While we wait for an official fix, are there any immediate workarounds or strategies we can employ to minimize the impact of this x-axis mismatch? Unfortunately, for a problem specifically related to the blueprint's display logic, direct workarounds within your Python script for dynamic x-axis scaling are limited if the viewer isn't cooperating. One temporary approach, if your specific visualization needs allow for it, might be to manually adjust the time range in the Rerun viewer UI after the data starts flowing. This isn't ideal for automated setups but can provide a quick sanity check for immediate analysis. Another (less flexible) option might be to hardcode rrb.TimeRangeBoundary.absolute() values for start and end if you are analyzing a fixed time window, but this defeats the purpose of a cursor-relative visible time range for live data. In some scenarios, you might consider logging additional entities that provide explicit time markers or using a different visualization tool temporarily if the x-axis precision is absolutely critical for your current task and Rerun's default behavior is hindering it too much. However, the ultimate solution will come from the Rerun development team addressing the underlying rendering logic.

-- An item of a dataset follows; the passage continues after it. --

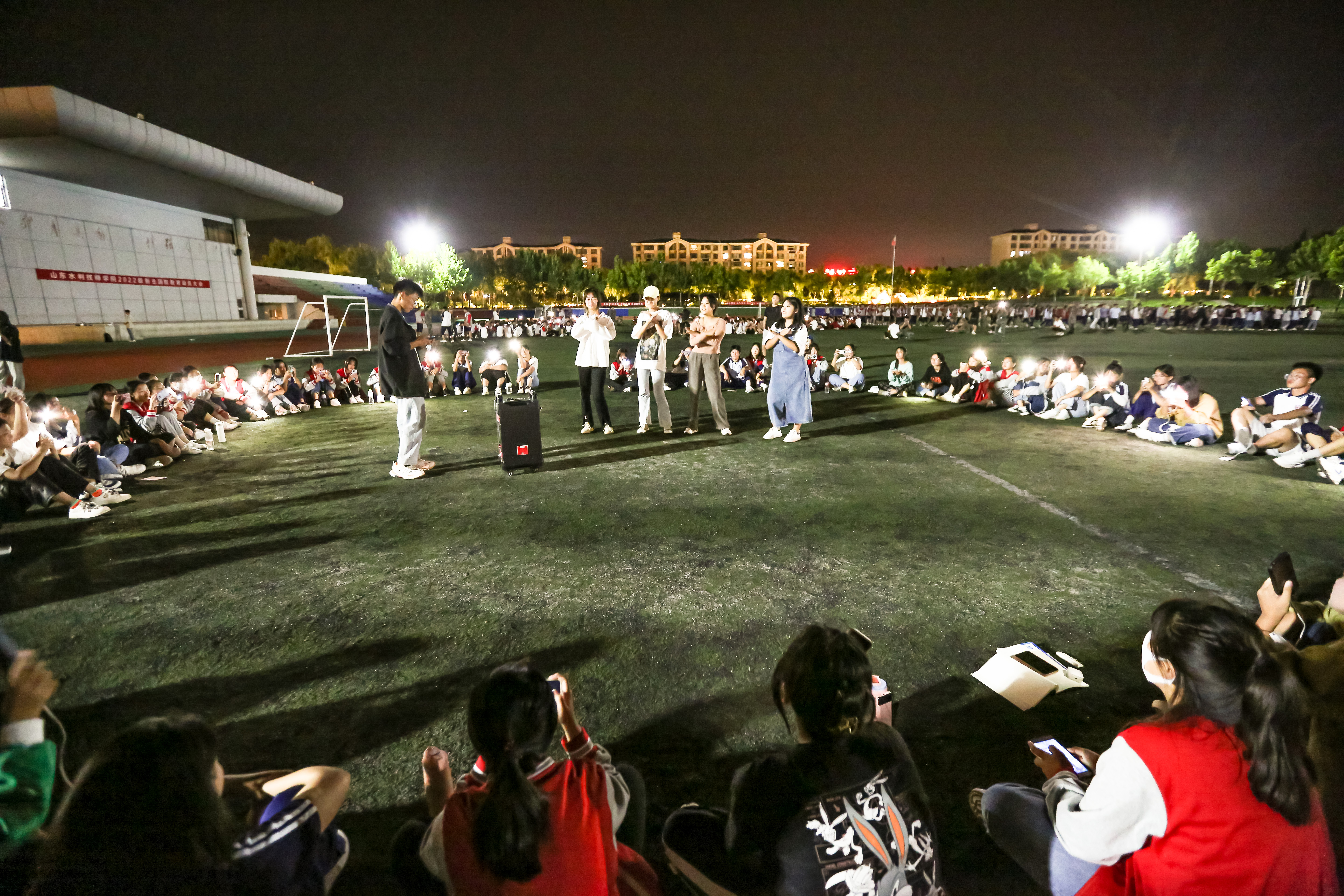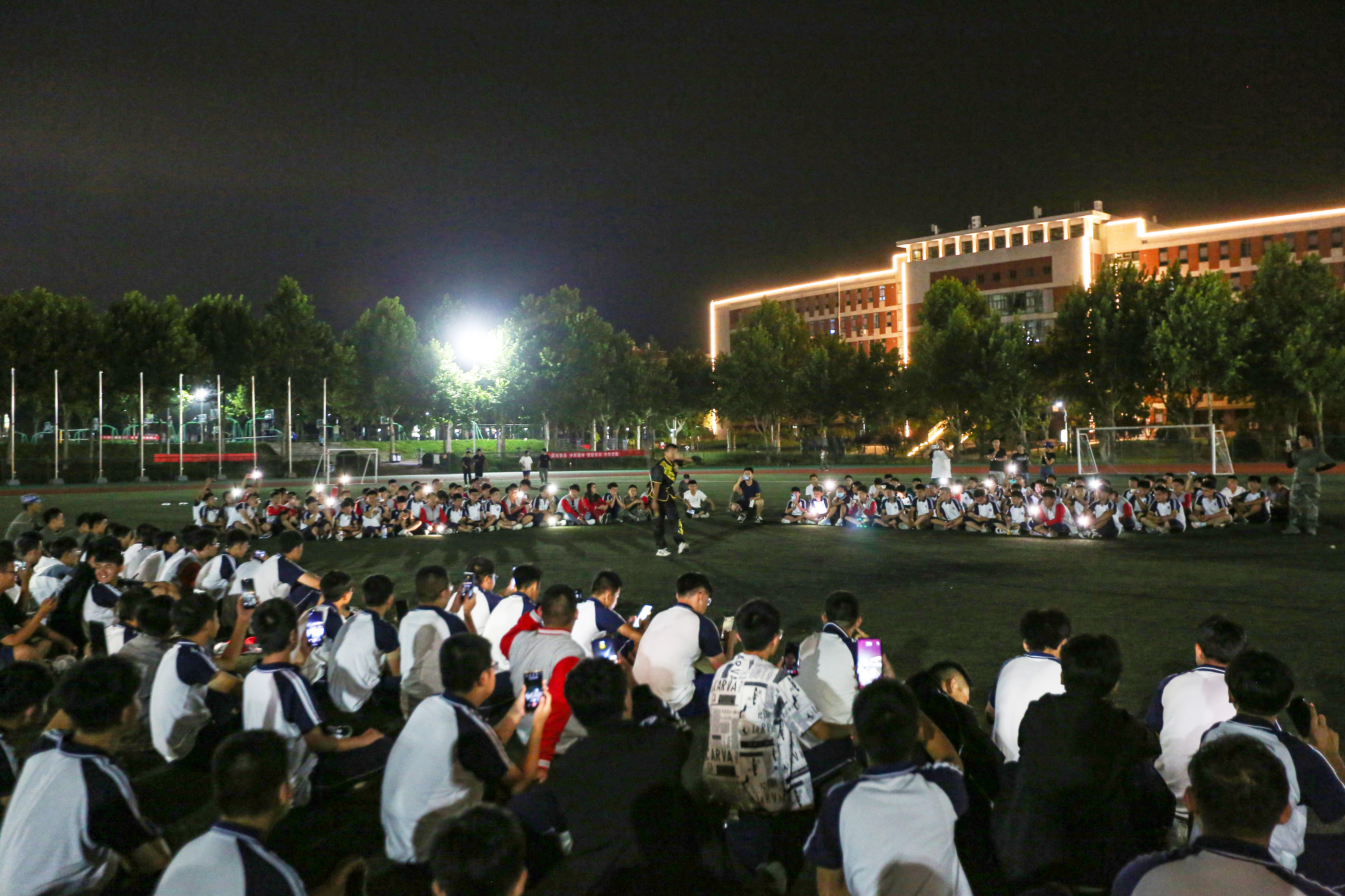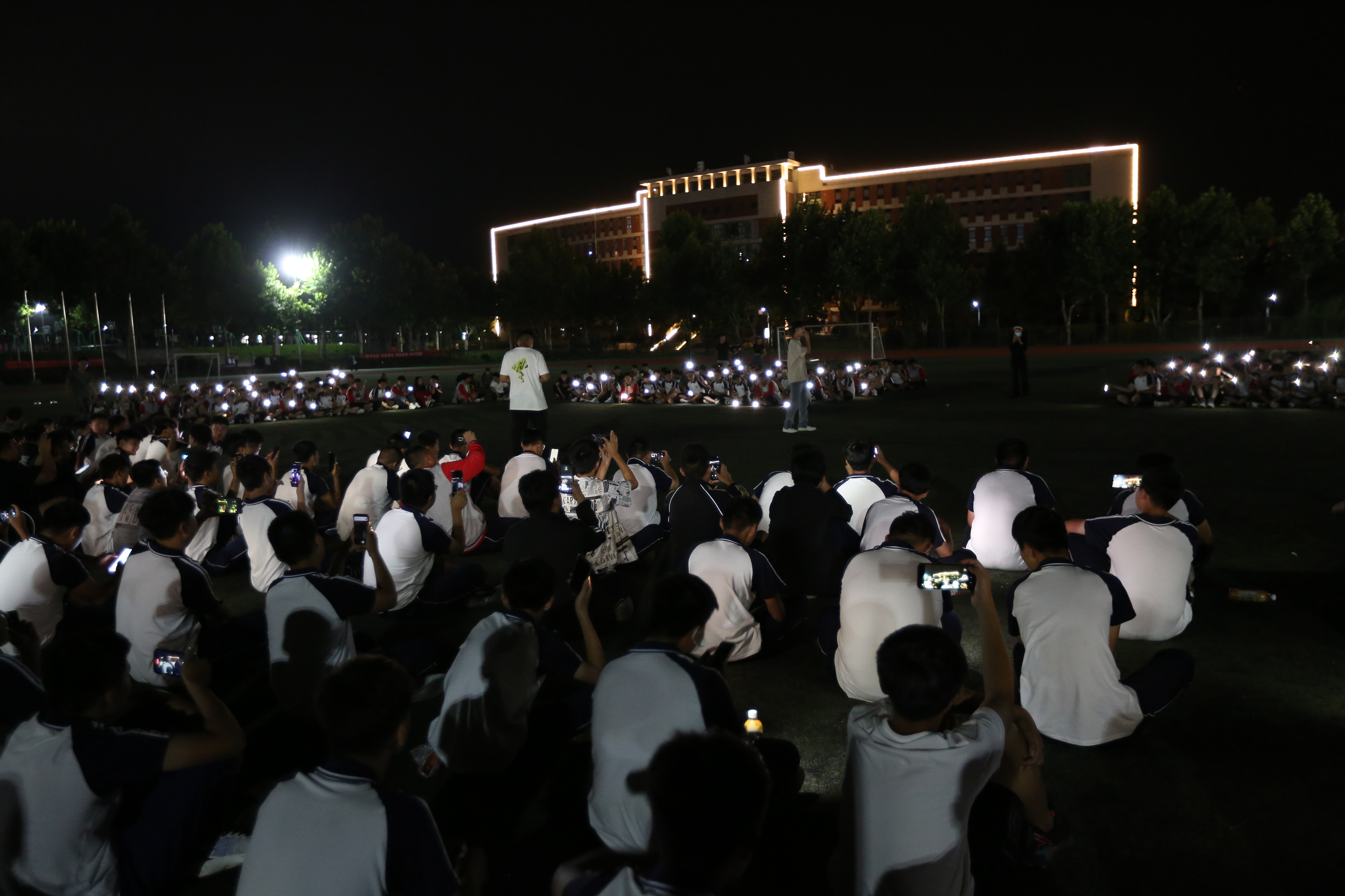 军训期间,萌新们顶着烈日和风雨在田径场上苦练身、磨意志、心昂扬几天功夫他们就结实健壮了夜幕笼罩时忙碌一天的萌新们在干什么呢在灯光的辉映下他们的活力、潜力、魅力也一同绽放

Looking ahead, the Rerun team is generally very responsive and committed to building a robust visualization platform. Community involvement through bug reports, feature requests, and discussions on their forums or Discord channel plays a huge role in shaping the tool's evolution. So, keep an eye on their official release notes and GitHub discussions for updates on the visible time range fix. The journey from identifying a bug to deploying a solution is a collaborative one, and by staying engaged, we can all contribute to making Rerun-IO an even more powerful and reliable tool for all our data visualization and debugging needs, especially when it comes to those tricky time series plots where every second counts! Let's keep working together to ensure Rerun delivers that consistently precise and intuitive experience we all want.

Conclusion

So there you have it, folks! We've taken a pretty thorough look at the visible time range bug plaguing Rerun-IO versions 0.27.3 and its predecessors. While the team has made commendable strides in getting the data line to respect our specified time window, that pesky x-axis is still giving us a bit of trouble, refusing to dynamically adjust its range as smoothly as it should. We've seen how this mismatch in visualization can really throw a wrench into our time series data analysis and debugging efforts, making it harder to interpret fast-moving data correctly. We walked through the exact Python code to reproduce this, highlighted the clear difference between the expected behavior of 0.26.2 and the current state, and discussed setting up your Rerun environment. The good news is that Rerun-IO is an incredible platform with an active development team, and issues like this are often resolved swiftly with community input. So, keep those bug reports coming, keep engaging with the project, and let's all look forward to a future where our Rerun time series plots are perfectly synchronized, giving us that crystal-clear, accurate data visualization we rely on! Your contributions are what make Rerun-IO better for everyone.